NEW! Topton 10Gb 2xSFP+ 4x2.5Gb i5-1240P

[EncryptedUsername]

The "x8 seat (x4 signal)" refers to the physical slot being an x8 one, but with only the pins for 4 lanes + power actually connected. Basically it's a x4 slot that physically fits x8 cards.

It was almost perfect, but then they halved the number of lanes to the network card. Shame!

All said and done, this will still do the trick for me. With my up and downstream network being the limiting factor, the most I need to push through this box as a firewall is 2 x 3 = 6 Gbps. (I misspoke earlier when I mentioned I only needed one port, I do in fact need two). I also plan to benchmark Proxmox on it, because I'll likely get a second one to run as a hypervisor with a 10Gbps VLAN trunk, if the testing works out. Virtualization will no doubt drop the speed down a notch I'm sure.

Based on everything that came to light, if you need 20 Gbps or higher throughput, this isn't the device for you. Sounds like it will be locked to the sub-14 Gbps cap mentioned in Dual 10Gbit network using PCI 2.0 (5GT/s) x4 – what is the maximum bandwidth? | Any IT here? Help Me!. The theoretical PCIe 2.0 x4 limit is only 500 MB/s per lane = 2000 MB/s or 16 Gbps. Come on Topton. Do better.

 

[blunden]

It sounds like we are still a good year or 2 away from getting a mini router that can make full use in routing, nas and 10G duties, but just a guess.

Would still be interesting to see some iperf benchmarks still.

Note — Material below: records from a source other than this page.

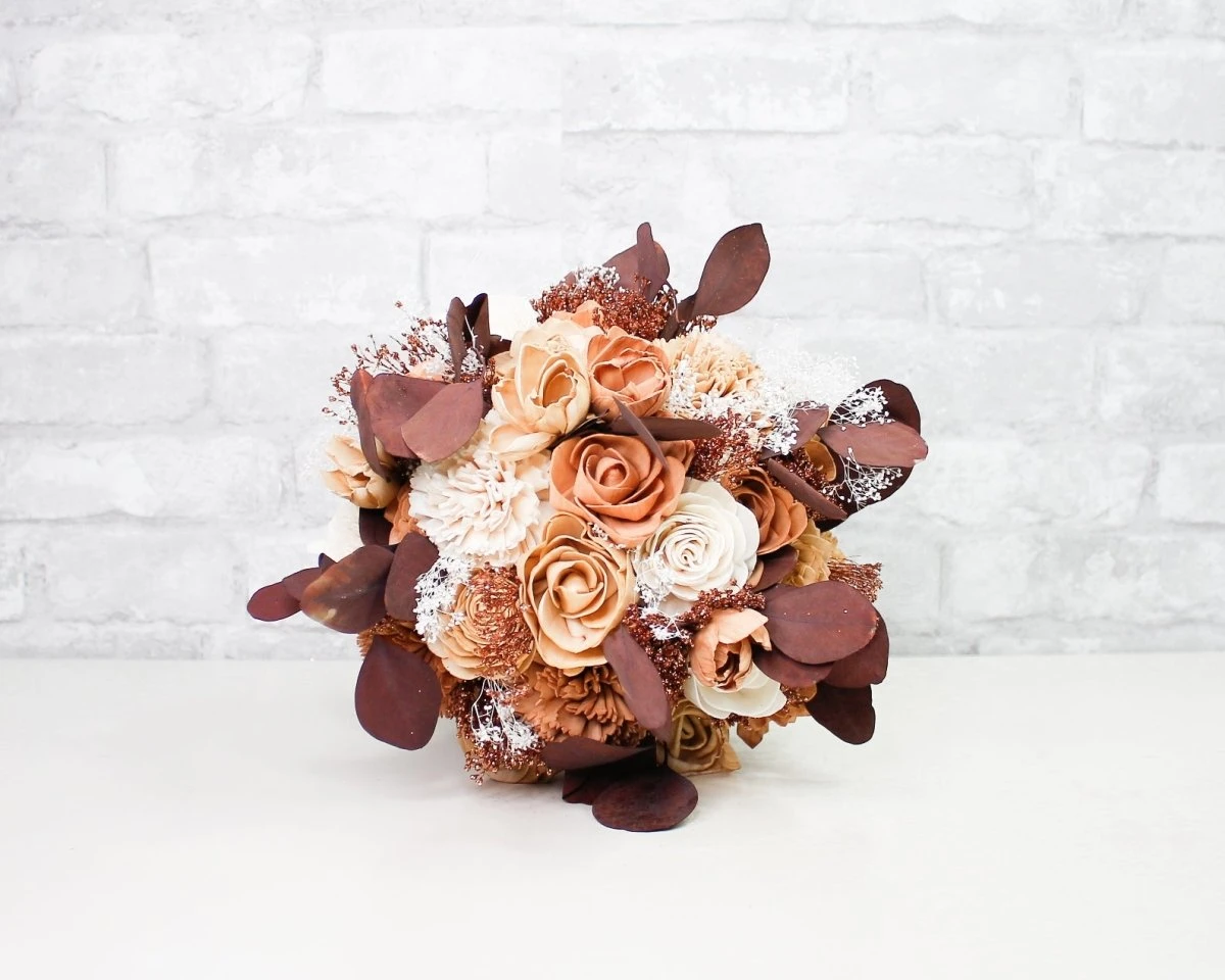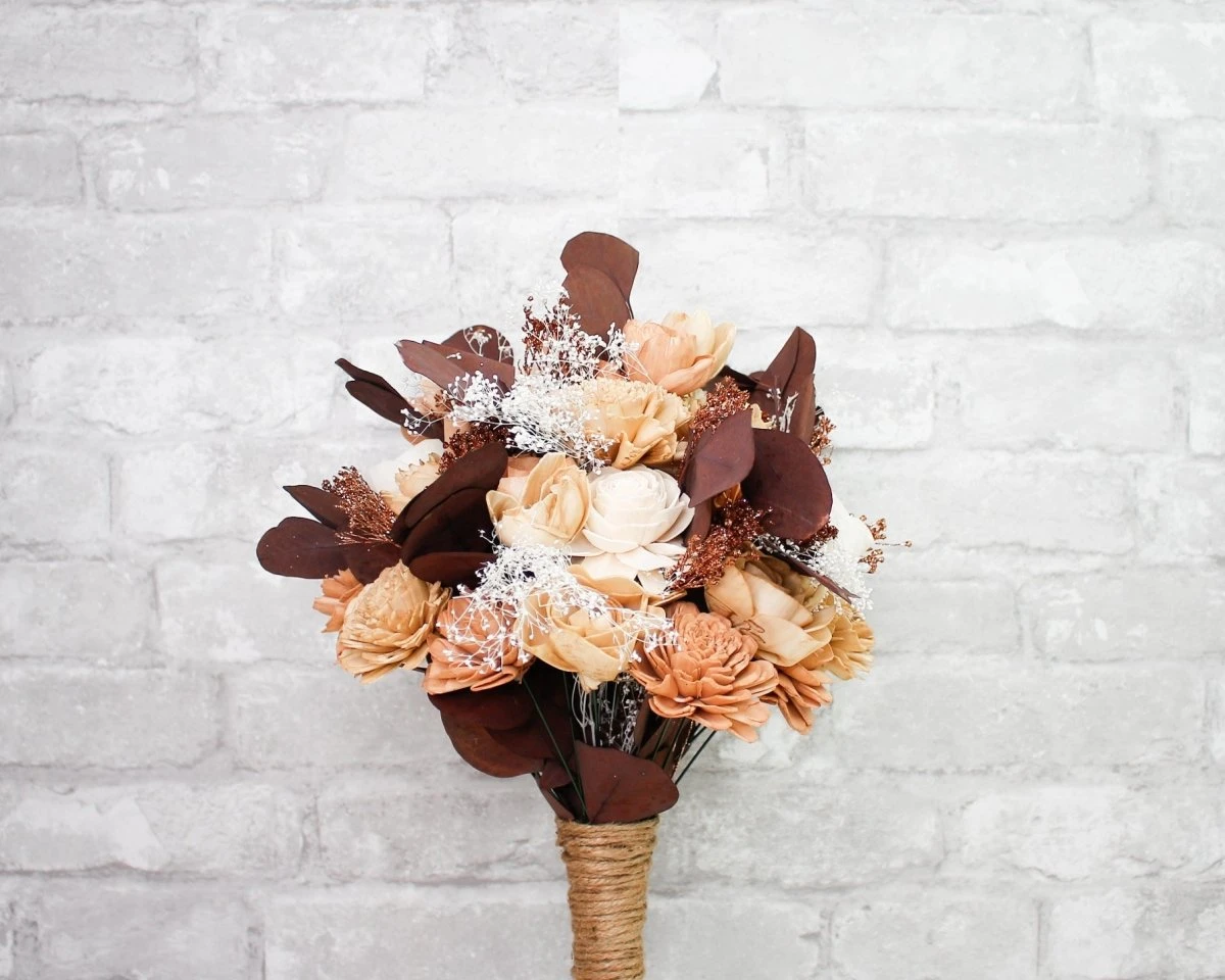 This Bridal bouquet is absolutely gorgeous. The beautiful assortment of sola wood flowers is perfectly paired with three of our most popular fillers.
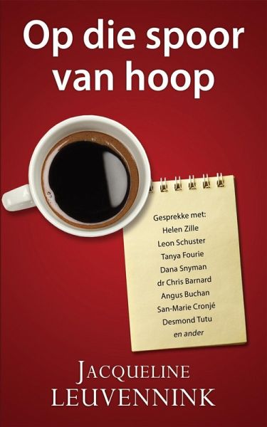 Op die spoor van hoop is 'n dokumentasie van die lewens van mense wat in hul pyn steier, maar tog bly getuig dat God, soos Hy in sy Woord belowe, jou ook nie in die dal van doodskaduwee begewe of verlaat nie. Ná jare in die joernalistiek wéét Jacqueline Leuvennink: Jy kom nie ongeskonde uit 'n opdrag om te skryf oor mense met 'n diep binnepyn nie. Dit vra van jou om jou skoene uit te trek, tussen die lyne te luister, sáám te sug oor 'n skeefgelooptheid. Sy vat dan die spoor op soek na dit wat krom en skeef was, wat uiteindelik insig en deernis gebring het. Om halsstarrig te bly hoop, al is die pad soms lank.…mehr
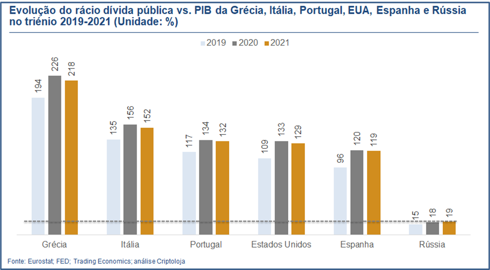 No que respeita ao endividamento público, a situação é um autêntico plano inclinado em direcção a um buraco negro. Os EUA, cuja moeda é a reserva do mundo, quase superam o endividamento público português, em torno de 130% do PIB. Quanto à Rússia? Apenas 19%.
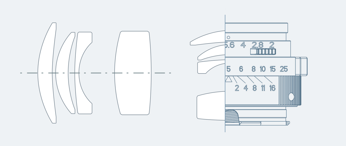 軍用ライカ向けに少数生産された非常に希少なレンズである「50mm F2」のオリジナルの光学性能を再現するため、張り合わせのない4群4枚(4枚玉)のレンズ構成を採用。絞りの操作に対する画質の変化が大きく、絞り開放時に滲みをわずかに伴うボケ味と、絞り込んだ時のシャープネスを両方楽しみながら撮影することができる。また、無骨で存在感のある外観や、オリジナルの特徴の一つである絞りリングの操作レバーの形状も再現している。中国の投資家である周氏による復刻レンズプロジェクト第2弾で、前作「M35mm f/2」と同様、その精巧な作りと再現性の高さから「周エルカン」の愛称で愛好家に親しまれている。
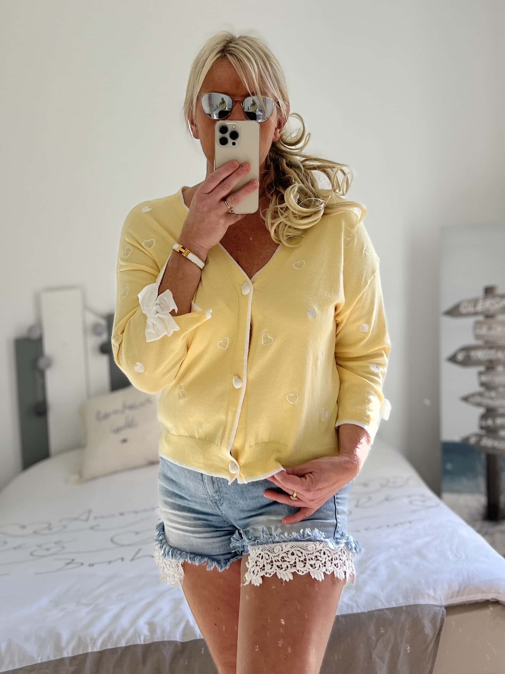 Gilet cœurs noeuds jaune
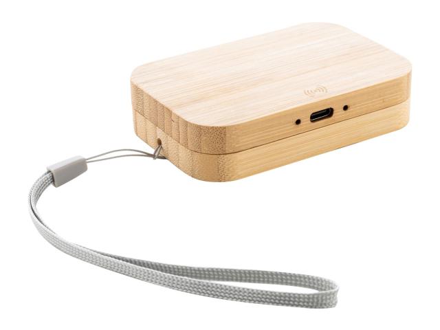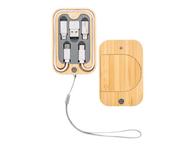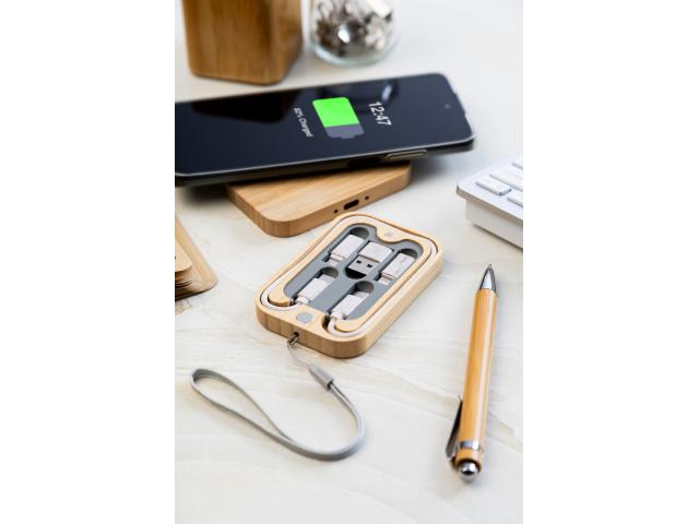 Ecological wheat straw plastic USB charger cable set and wireless fast charger (15W) in magnetic bamboo case with carry strap. Including USB-C cable with USB, micro USB and Lightning adaptors.

Do you think its better to get an micro-atx motherboard with few 16x and 4x Pci-e slots and add on Nic cards, maybe something like an intel Core T processor and just build a more powerful router?

I'd say we are fairly close already. If this wasn't limited by PCI-E lanes it could probably manage the routing part of it, at least with 1500 byte packets, as long as you don't do a bunch of traffic inspection/blocking (IDS/IPS) etc.

Building a small PC yourself is always an option, but you'll likely need active cooling and see a higher power consumption though.

I'm putting my hopes in my Qotom box based on the Atom C3758 being fast enough for my multi-gig routing needs later this year. I don't expect that I'll actually get full 10G internet though since I'm basically just allowed to use whatever uplink capacity is left over at any given time above my usual 1G, so I expect it to fluctuate quite a bit.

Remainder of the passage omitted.